= Independent Community Bankers of America =

The Independent Community Bankers of America (ICBA) is the primary trade group for small U.S. banks. It represents approximately 5,000 small and mid-sized financial institutions that are commonly known as "community banks." The ICBA hosts conventions, publishes the monthly magazine ICBA Independent Banker and lobbies the United States Congress on issues relating to the banking industry.

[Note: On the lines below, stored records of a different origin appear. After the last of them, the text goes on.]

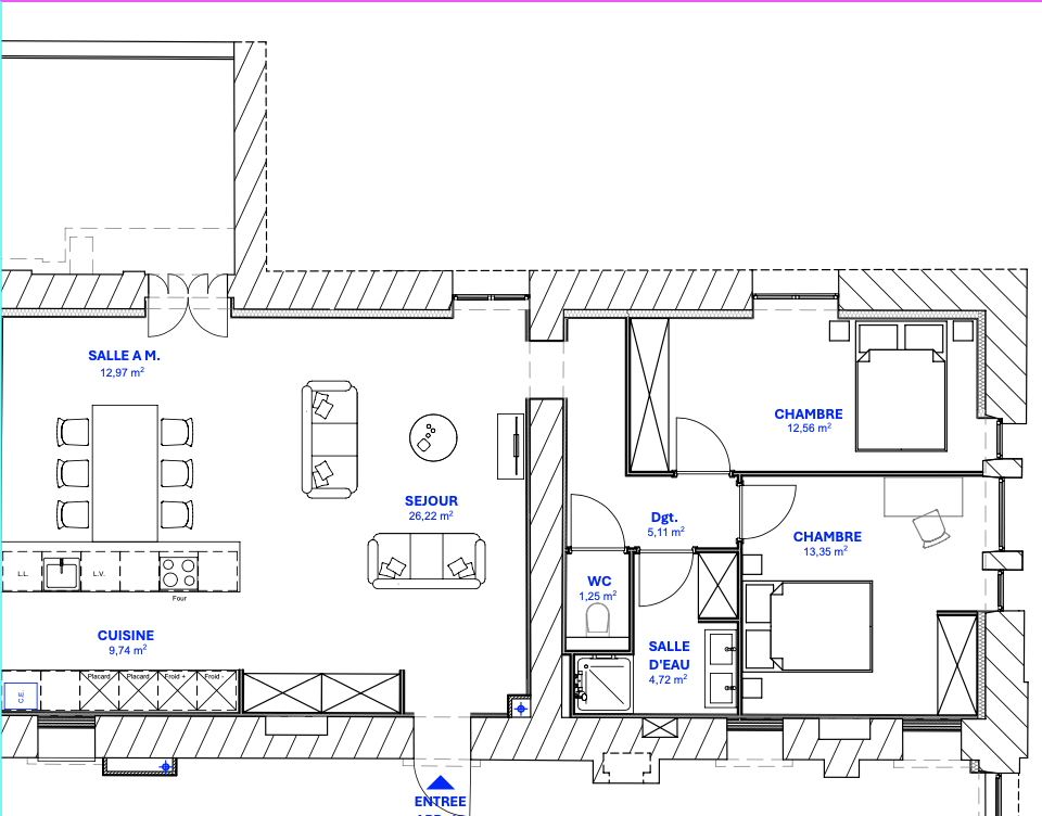 convert this floor plan into a realistic isometric 3d view of a full house show the space from an elevated angle with furniture walls and details visible modern and high end style use the same furniture as shows on the plan do not change the orientation of the floorplan
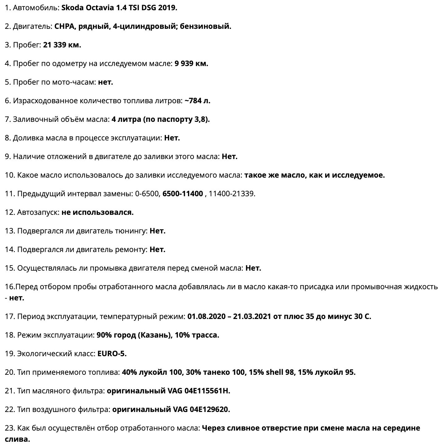 Отработку масла отправлю в лабораторию уже завтра. Полученные результаты опубликую отдельным постом в бортжурнале. Будет интересно узнать фактический ресурс ПАО масла при езде в тяжелых условиях города (пробки, старт-стоп), ну и влияние топлива, где у меня в основном 100-й лука и танеко.
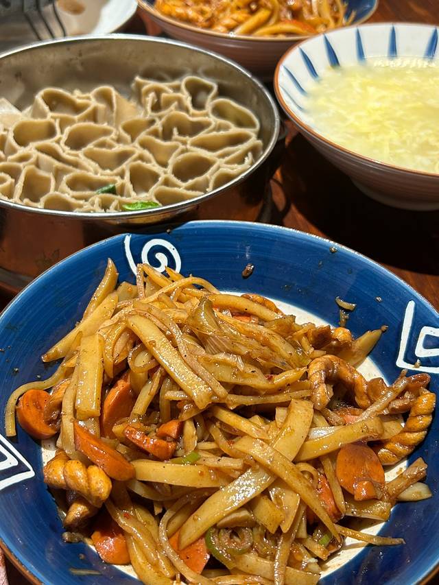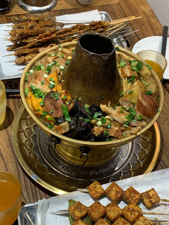老赵家山西铜火锅,铜火锅又叫“旱火锅”,是以前山西人过年的时候会吃的。和川渝地区的火锅不一样,铜火锅里烧肉、丸子、土豆、白菜等食材堆得满满的,吃到最后汤也是可以喝的,这家还有秘制的蘸料,绝对好吃。
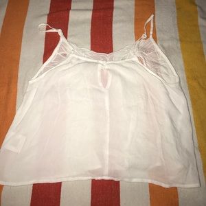 Bought this and never wore it, no tags, white brandy melvile shirt with flowery design at the top, fits as a crop top. I'm 5'7 and it goes to my belly button, adjustable straps!! In good condition, only tried it on. Make offers!!
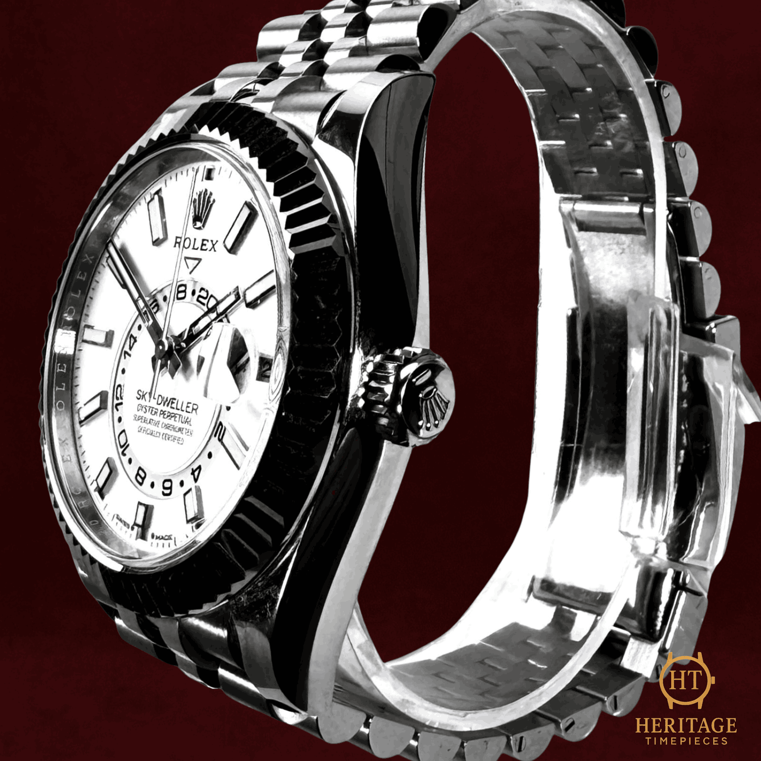 Heritage Narrative The Rolex Sky-Dweller reference 336934 represents Rolex’s most sophisticated travel watch, combining dual time zone functionality with an annual calendar in a robust and highly legible design. Introduced as a solution for frequent travelers, the Sky-Dweller stands apart within the Rolex collection as the brand’s most technically advanced complication. This example from 2025 is presented unworn and offered as a full set. The watch features an intense white dial with Chromalight hour markers and hands, providing excellent legibility and a clean, contemporary aesthetic. The second time zone is displayed via an off-centre 24-hour disc, allowing the wearer to distinguish day and night at a glance, while the Saros annual calendar uses discreet apertures around the dial to indicate the current month. Powering the watch is Rolex’s calibre 9002, a self-winding Perpetual mechanical movement developed specifically for the Sky-Dweller. The movement integrates Rolex’s Ring Command system, which allows the wearer to select and adjust functions via interaction between the fluted bezel, crown, and movement, enabling intuitive and secure setting of time, date, and calendar functions. The 42 mm Oyster case is crafted from stainless steel and paired with a fluted 18kt white gold bezel, a hallmark feature of the Sky-Dweller. The Jubilee bracelet completes the configuration, offering refined comfort and a more elegant profile compared to sport-oriented bracelet options. Presented in factory condition with full accessories, this Sky-Dweller 336934 offers a highly desirable modern configuration combining technical innovation, refined materials, and everyday wearability. Technical Specifications Brand:Rolex Model:Sky-Dweller Reference:336934 Year:2025 Movement:Rolex self-winding Perpetual mechanical movement, Calibre 9002 Complications:Dual time zone (second time zone via 24-hour disc)Annual calendar (Saros system)Month indicationDate Case:42 mm stainless steel Oyster case Bezel:Fluted 18kt white gold bezelRing Command system Crystal:Scratch-resistant sapphire crystal Dial / Hands:Intense white dialChromalight luminous hour markersLuminous hands Bracelet:Stainless steel Jubilee braceletApprox. 8 in (adjustable) Water Resistance:100 m / 330 ft (factory specification) Condition & Inclusions Overall Condition:Unworn Service Status:Factory condition, movement tested and functioning correctly Set:Full set — includes box, certificate, booklets, and tag Shipping & Logistics The watch is stored securely and shipped fully insured within 1–3 business days. Worldwide shipping is available. Any applicable import duties or taxes are the responsibility of the buyer. Shipping & Returns Complimentary insured worldwide shipping and a 14-day return window. Each timepiece is authenticated, time-tested, and professionally prepared prior to dispatch. Secure packaging, tracking, and full insurance are included with every shipment.
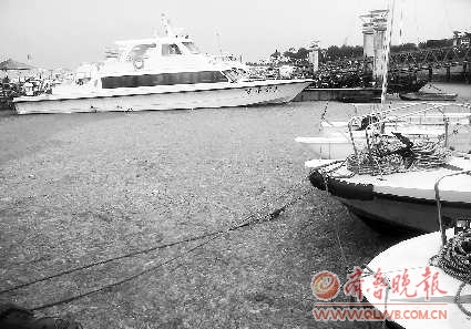 美轮号游艇停靠的码头已经被浒苔包围,艇长秦绪峰告诉记者,昨天的一场大风使得浒苔大量进入世帆基地,这给游艇出海带来了很大的麻烦。游艇下方有个“海底门”,是专门用来出水冷却发动机的,一旦有浒苔的话,很容易堵塞“海底门”,从而造成发动机出现故障,现在他们是能不让游艇出海就不出海。
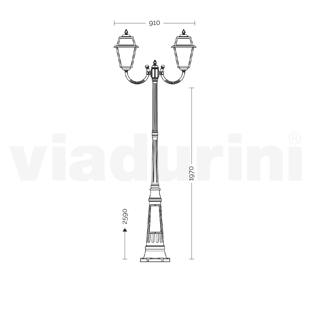 مصباح حديقة مصنوع من هيكل من الألومنيوم المصبوب وموزع زجاجي مصقول بالرملمصنوع بالكامل في إيطاليا . مزود ببراغي من الفولاذ المقاوم للصدأ. تُضفي البساطة والبساطة على هذه القطعة جمالاً خاصاً، مع تنوع ملحوظ في الاستخدامات ، مما يجعلها مثالية لإضاءة وتأثيث المساحات الخارجية، مثل الحدائق والشرفات والشوارع والممرات، حيث تُكمل البيئة بلمسة من الرقي.
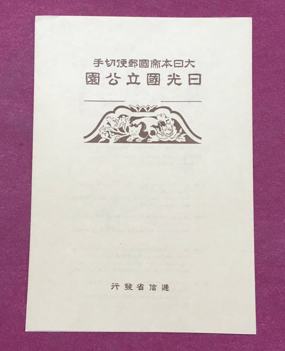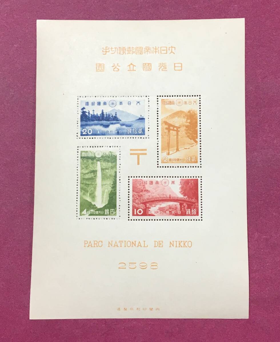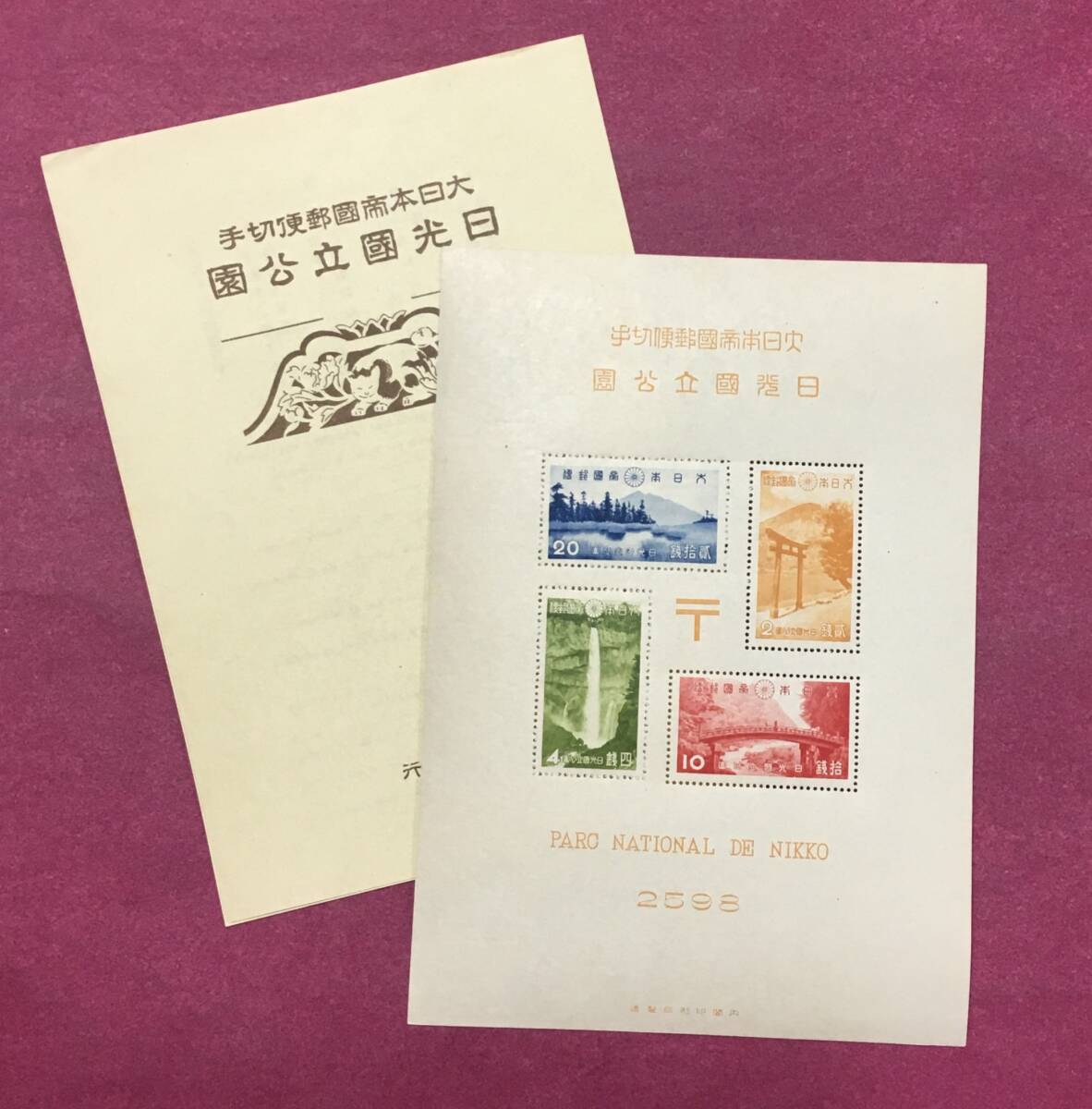 美品 第1次国立公園 日光 国立公園 1938年 タトウ付 小型シート 未使用品

The organization is headquartered in Washington, D.C., and maintains statewide chapters across the country. It was founded in 1930 and owns six subsidiaries: ICBA Bancard, ICBA Securities, ICBA Financial Services, ICBA Mortgage, ICBA Insurance Services and ICBA Reinsurance

==Advocacy==
During financial reform attempts in the US, the ICBA has lobbied for:
- credit unions to not obtain a perceived competitive advantage;
- a loophole that would allow smaller banks to still choose their regulator—which is expected to result in those banks choosing the most lenient regulator.

==Legislation==
On November 8, 2013, the ICBA published a letter in "strong support" of the bill To enhance the ability of community financial institutions to foster economic growth and serve their communities, boost small businesses, increase individual savings (H.R. 3329; 113th Congress). The bill would direct the Federal Reserve to revise certain regulations related to small bank holding companies (BHCs). Current regulations allow BHCs with assets of less than $500 million that satisfy other tests to incur higher amounts of debt than larger institutions in order to acquire other banks. H.R. 3329 would apply the less-stringent standard to more BHCs by raising the asset limit to $1 billion, and the bill also would allow savings and loan holding companies to qualify. The ICBA argued that "increasing the eligibility threshold to $1 billion to account for inflation, industry consolidation, and asset growth will help an additional 515 bank and savings and loan holding companies raise capital for additional consumer and small business lending, leading to job creation and community development."